I have told the story before about the EPA researcher who had a meter for measuring air quality that he was using to take readings at a busy intersection along 14th St, NW in Washington, DC at evening rush hour in the 1980s. He recorded his readings, but forgot to shut if off when he went home. He got home and set the meter near the door in his kitchen, turned on the gas oven to fix dinner and went upstairs to change clothes. When he got back down to the kitchen, the meter was going crazy with higher readings for nitrous oxide and other pollutants than it had measured at the rush hour intersection along a major commuter artery with bumper to bumper traffic for blocks. It scared the hell out of him when he considered what he had been inhaling right in his kitchen.

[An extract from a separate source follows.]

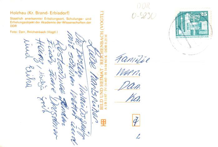 73947310 alte Postkarte Holzhau Brand-Erbisdorf Schulungs und Erholungsobjekt der Akademie der Wissenschaften der DDR postalisch gelaufen Erhaltung siehe scans [WerneD78] KatCode: 11110014177030

You also have to face the fact that when many of us were growing up, the stove was on for three meals a day unless no one was there for lunch. There was no microwave oven and no fast food, shocking as that may seem to you youngsters reading this. Granted, houses were not as tight as newer ones are, but almost none had vented range hoods. I also remember that many evenings, especially in the winter, when mom was fixing dinner, the normally blue flames would have orange flashes in them. I asked her what that was and she said it was impurities in the gas due to high demand. I don't know if that was right, but it was something that did not happen at other times.
Does anyone remember entering an apartment building and immediately detecting the smell of gas stoves? If you inspected the stoves, you would find a little deposit of carbon glowing orange along the edges above the pilot lights. Maybe it is different now with more of the ranges changing over to pilotless ignition, but it was an unpleasant odor to me and could not have been healthy to breathe over a long period of time.